The copy should begin at the line containing "After dinner, Mom" and end with the last line below, every line exact and no picture included.

*** Opening Dataset excerpt ***

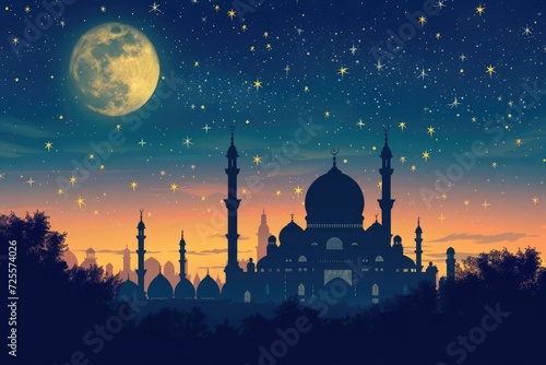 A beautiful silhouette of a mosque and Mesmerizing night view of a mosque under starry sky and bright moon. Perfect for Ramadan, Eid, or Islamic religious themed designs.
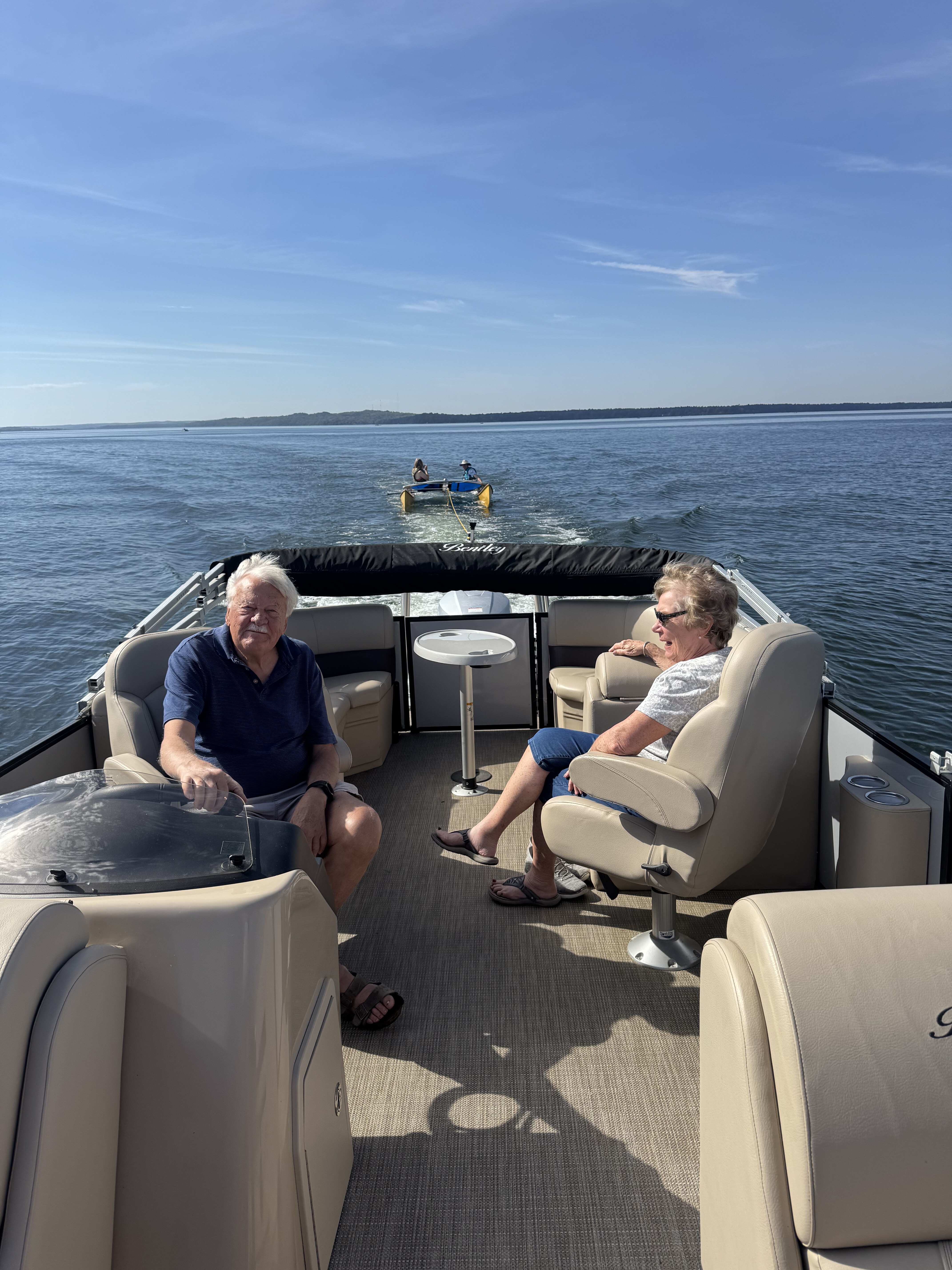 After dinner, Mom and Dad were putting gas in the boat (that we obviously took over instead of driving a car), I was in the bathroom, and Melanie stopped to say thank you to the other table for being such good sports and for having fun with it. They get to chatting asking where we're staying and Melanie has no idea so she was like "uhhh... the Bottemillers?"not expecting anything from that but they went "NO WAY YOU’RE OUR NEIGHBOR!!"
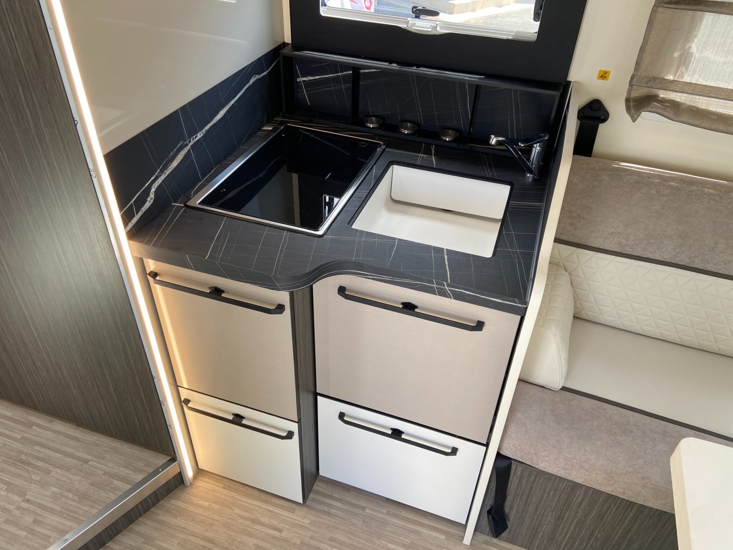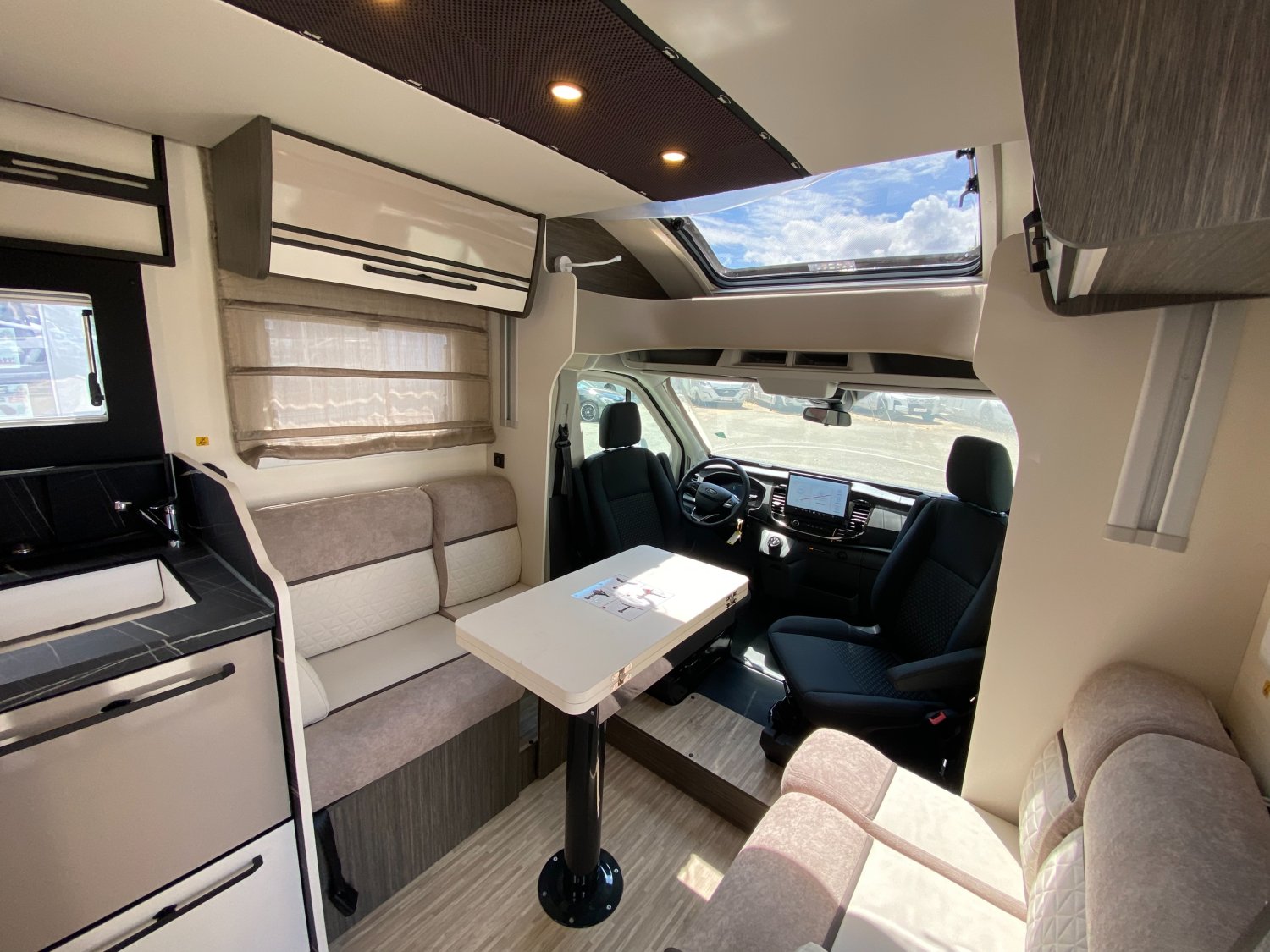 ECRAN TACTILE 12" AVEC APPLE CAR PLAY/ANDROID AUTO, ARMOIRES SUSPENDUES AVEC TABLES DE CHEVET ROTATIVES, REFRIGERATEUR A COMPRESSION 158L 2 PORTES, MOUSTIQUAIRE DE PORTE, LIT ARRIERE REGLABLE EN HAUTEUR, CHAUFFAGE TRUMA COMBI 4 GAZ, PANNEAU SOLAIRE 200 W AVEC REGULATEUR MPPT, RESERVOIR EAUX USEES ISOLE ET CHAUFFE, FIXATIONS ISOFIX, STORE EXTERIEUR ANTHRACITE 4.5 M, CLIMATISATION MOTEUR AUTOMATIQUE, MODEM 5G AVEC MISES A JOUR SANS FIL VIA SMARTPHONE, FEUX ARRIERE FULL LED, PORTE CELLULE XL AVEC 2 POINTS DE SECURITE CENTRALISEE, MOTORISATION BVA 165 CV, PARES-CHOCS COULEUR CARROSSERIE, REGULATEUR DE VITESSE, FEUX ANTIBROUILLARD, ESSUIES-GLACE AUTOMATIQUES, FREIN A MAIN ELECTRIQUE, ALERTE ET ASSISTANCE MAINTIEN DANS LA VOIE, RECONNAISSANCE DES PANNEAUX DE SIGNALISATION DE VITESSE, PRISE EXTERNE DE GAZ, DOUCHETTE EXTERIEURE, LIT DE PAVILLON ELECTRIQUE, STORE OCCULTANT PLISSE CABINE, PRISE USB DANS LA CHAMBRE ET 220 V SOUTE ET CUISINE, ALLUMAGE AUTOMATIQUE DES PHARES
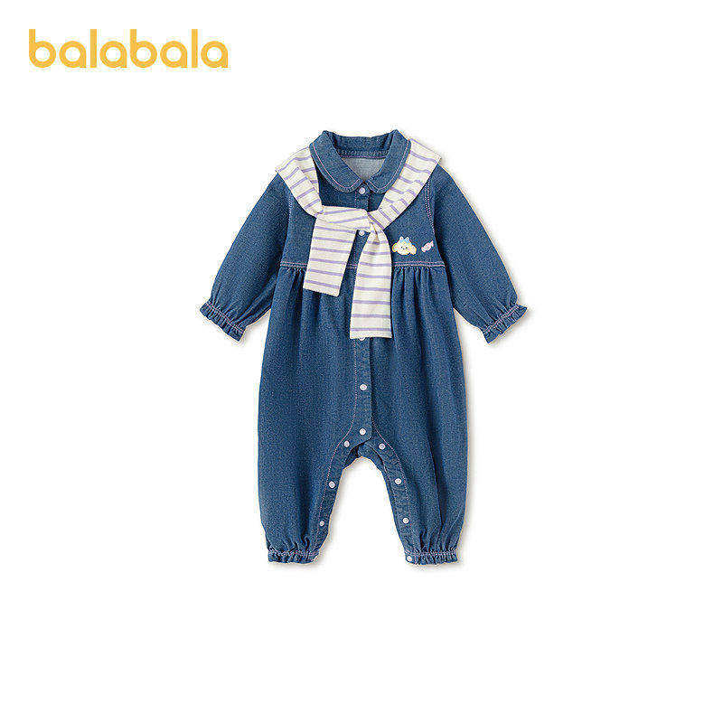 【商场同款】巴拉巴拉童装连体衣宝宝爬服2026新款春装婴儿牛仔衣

*** Closing Dataset excerpt ***

■ Answer to the problem
 After dinner, Mom and Dad were putting gas in the boat (that we obviously took over instead of driving a car), I was in the bathroom, and Melanie stopped to say thank you to the other table for being such good sports and for having fun with it. They get to chatting asking where we're staying and Melanie has no idea so she was like "uhhh... the Bottemillers?"not expecting anything from that but they went "NO WAY YOU’RE OUR NEIGHBOR!!"
 ECRAN TACTILE 12" AVEC APPLE CAR PLAY/ANDROID AUTO, ARMOIRES SUSPENDUES AVEC TABLES DE CHEVET ROTATIVES, REFRIGERATEUR A COMPRESSION 158L 2 PORTES, MOUSTIQUAIRE DE PORTE, LIT ARRIERE REGLABLE EN HAUTEUR, CHAUFFAGE TRUMA COMBI 4 GAZ, PANNEAU SOLAIRE 200 W AVEC REGULATEUR MPPT, RESERVOIR EAUX USEES ISOLE ET CHAUFFE, FIXATIONS ISOFIX, STORE EXTERIEUR ANTHRACITE 4.5 M, CLIMATISATION MOTEUR AUTOMATIQUE, MODEM 5G AVEC MISES A JOUR SANS FIL VIA SMARTPHONE, FEUX ARRIERE FULL LED, PORTE CELLULE XL AVEC 2 POINTS DE SECURITE CENTRALISEE, MOTORISATION BVA 165 CV, PARES-CHOCS COULEUR CARROSSERIE, REGULATEUR DE VITESSE, FEUX ANTIBROUILLARD, ESSUIES-GLACE AUTOMATIQUES, FREIN A MAIN ELECTRIQUE, ALERTE ET ASSISTANCE MAINTIEN DANS LA VOIE, RECONNAISSANCE DES PANNEAUX DE SIGNALISATION DE VITESSE, PRISE EXTERNE DE GAZ, DOUCHETTE EXTERIEURE, LIT DE PAVILLON ELECTRIQUE, STORE OCCULTANT PLISSE CABINE, PRISE USB DANS LA CHAMBRE ET 220 V SOUTE ET CUISINE, ALLUMAGE AUTOMATIQUE DES PHARES
 【商场同款】巴拉巴拉童装连体衣宝宝爬服2026新款春装婴儿牛仔衣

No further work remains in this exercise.